É preciso acelerar a reforma tributária
O Estado de S. Paulo
Há muito a ser feito e pouco tempo para
concluir os trabalhos para regulamentar a reforma. Governo e Legislativo não
podem titubear nem se perder em disputas de poder inócuas
O presidente da Câmara, Arthur Lira (PP-AL),
cobrou o governo sobre o envio dos projetos de leis complementares para
regulamentar a reforma tributária sobre o consumo. Para Lira, essa fase precisa
ser encerrada ainda neste ano, sob pena de que a proposta venha a naufragar.
Tem razão o presidente da Câmara ao fazer um
apelo público ao ministro da Fazenda, Fernando Haddad. À primeira vista, o
calendário para a aprovação dos projetos parece confortável, uma vez que a
reforma entrará em vigor somente em 2026.
No entanto, a disputa eleitoral deve encurtar
o ano no Legislativo. Com deputados e senadores dedicados a apoiar prefeitos em
suas bases, o governo teria apenas o primeiro semestre para tocar os projetos
de seu interesse no Congresso.
Os 19 grupos técnicos responsáveis pela
elaboração dos anteprojetos, no entanto, ainda não concluíram os trabalhos, e
os textos ainda terão de ser submetidos a Haddad antes que eles se tornem
projetos aptos a serem enviados ao Legislativo.
Todas essas discussões não podem se estender
além deste ano. Em 2025, será preciso regulamentar a reforma por meio de normas
infralegais que dependem dos projetos de lei. Além disso, será preciso testar
os sistemas para garantir que a transição entre o modelo atual e o novo ocorra
sem contratempos.
Não será uma tarefa trivial, dado que a
reforma aprovada pelo Congresso, que cria o Imposto sobre Valor Agregado (IVA)
e unifica cinco tributos federais, estaduais e municipais, representa uma
verdadeira revolução diante do caótico modelo tributário brasileiro.

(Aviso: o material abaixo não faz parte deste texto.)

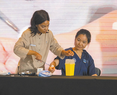 在2023年举行的第二十二届“汉语桥”世界大学生中文比赛南非赛区决赛中,来自西开普大学中医孔子学院的学生希诺(左)展示针灸治疗。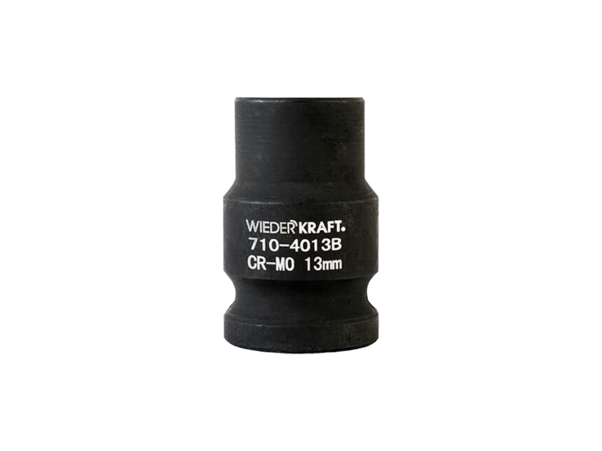 Ударная головка WiederKraft WDK-710-4013 (13 мм) с посадочным квадратом 1/2″ и 6-гранным рабочим профилем. Выполнена из высококачественной хром-молибденовой стали 42 CrMo. Включения хрома и молибдена делают изделие прочным, устойчивым к нагрузкам и деформациям.

A emenda constitucional, no entanto, deu
apenas as diretrizes gerais que agora precisam ser devidamente detalhadas,
discutidas e aprovadas. Entre os temas pendentes está a governança do Comitê
Gestor do Imposto sobre Bens e Serviços (IBS), tributo cuja arrecadação será
dividida entre Estados e municípios.
Será preciso garantir a não cumulatividade
dos tributos, que corrói a competitividade dos produtos brasileiros no
exterior, estabelecer os itens da cesta básica que serão ou não desonerados e
discutir os detalhes dos regimes específicos, diferenciados ou favorecidos para
alguns setores econômicos.
Também será preciso decidir quais serão alvo
do Imposto Seletivo, cuja alíquota será de até 1% sobre a produção.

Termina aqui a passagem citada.